Leigh lo contempló con expresión afligida. Miró a su alrededor, la calle estaba casi vacía.
—No directamente —dijo en voz más baja—. Pero todo eso complica muchas cosas relacionadas con la salud: aseo personal básico, nutrición... Sospecho que, llegada esa fase, a un paciente le queda más o menos un año, tal vez un poco más. O puede que menos. Y tampoco ayuda mucho que el paciente lleve toda su vida adulta bebiendo alcohol varias veces al día. Una vez más, hablando en general.
Marcó el fin de la conversación con una inclinación de la cabeza y dio media vuelta. Falk lo dejó marcharse.
—Habría que imputarlos a los dos, a él y a Sullivan —dijo Raco cuando Falk regresó a la comisaría.
—Sí, habría que hacerlo.
Pero ambos sabían que eso no ocurriría.
Raco se recostó en la silla y se tapó la cara con las dos manos. Soltó un suspiro profundo.
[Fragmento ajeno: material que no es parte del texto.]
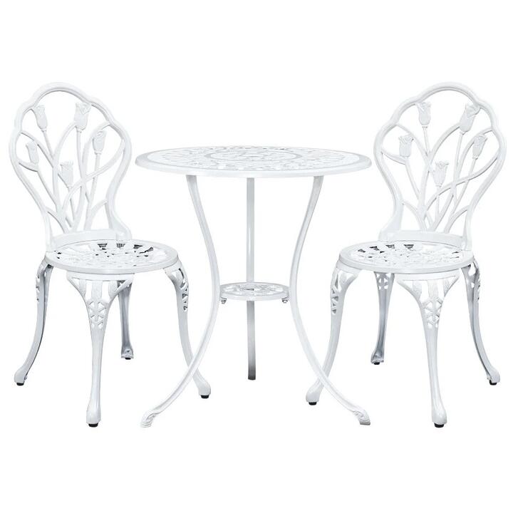 Embrace nature's serenity with our Gardeon Garden Bistro Set. Constructed from hard-wearing, weather-resistant materials, this bistro set is both functional and stylish. Its timeless design seamlessly blends with any garden setting, offering a tranquil spot to sit and appreciate the outdoors. A cherished addition to any green space. Features Classic vintage outdoor bistro set with parasol hole Equipped with rubber foot pads Rust and weather-resistant for durability User-friendly assembly and minimal upkeep, Specifications: Frame material: Cast aluminium Legs material: Cast iron Finish: Powder-coated Table weight capacity: 40kg Table size: Dia.59.5cm x H67cm Chair weight capacity: 120kg Chair size: 37cm x 41cm x 85cm Parasol hole diameter: 5cm Colour: White Assembly required: Yes Number of packages: 1, Package Content Gardeon Bistro Set x1 Assembly manual x1, This product comes with 1 year warranty. Note:- Actual product colours may vary due to lighting, studio photography, room conditions, different screens on various devices. – All our furniture product are flat pack (assembly required) for safe handling purposes.

—Dios... ¿Y ahora qué demonios hacemos?
Para engañarse a sí mismos actuando como si no se hubiesen topado con otro callejón sin salida, Falk llamó a Melbourne. Al cabo de una hora, tenía una lista de todas las camionetas de color claro que había registradas en Kiewarra el año que Ellie Deacon murió. La cifra total era de ciento nueve.
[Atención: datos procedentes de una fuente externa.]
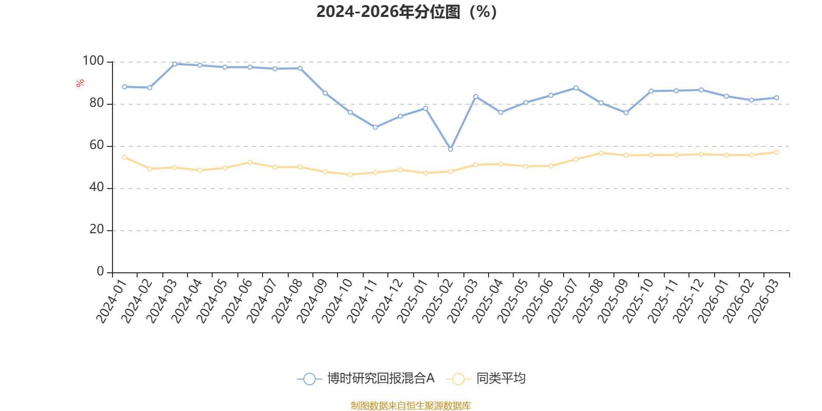 通过所选区间该基金净值增长率分位图,可以观察该基金与同类基金业绩比较情况。图为坐标原点到区间内某时点的净值增长率在同类基金中的分位数。

—Sin contar con que por aquí podría pasar cualquiera de otro pueblo —comentó Raco con pesimismo.
Falk repasó la lista y vio muchos apellidos conocidos. Antiguos vecinos, padres de sus excompañeros de clase. Mal Deacon también estaba. Falk contempló el nombre un buen rato. Pero también había más gente: Gerry Hadler mismo, los padres de Gretchen, incluso el suyo. Ese día, Gerry podía haber visto a medio pueblo en el cruce. Harto, Falk cerró el expediente.
—Voy a salir un rato.
Raco refunfuñó. Falk se alegró de que no le preguntase adónde iba.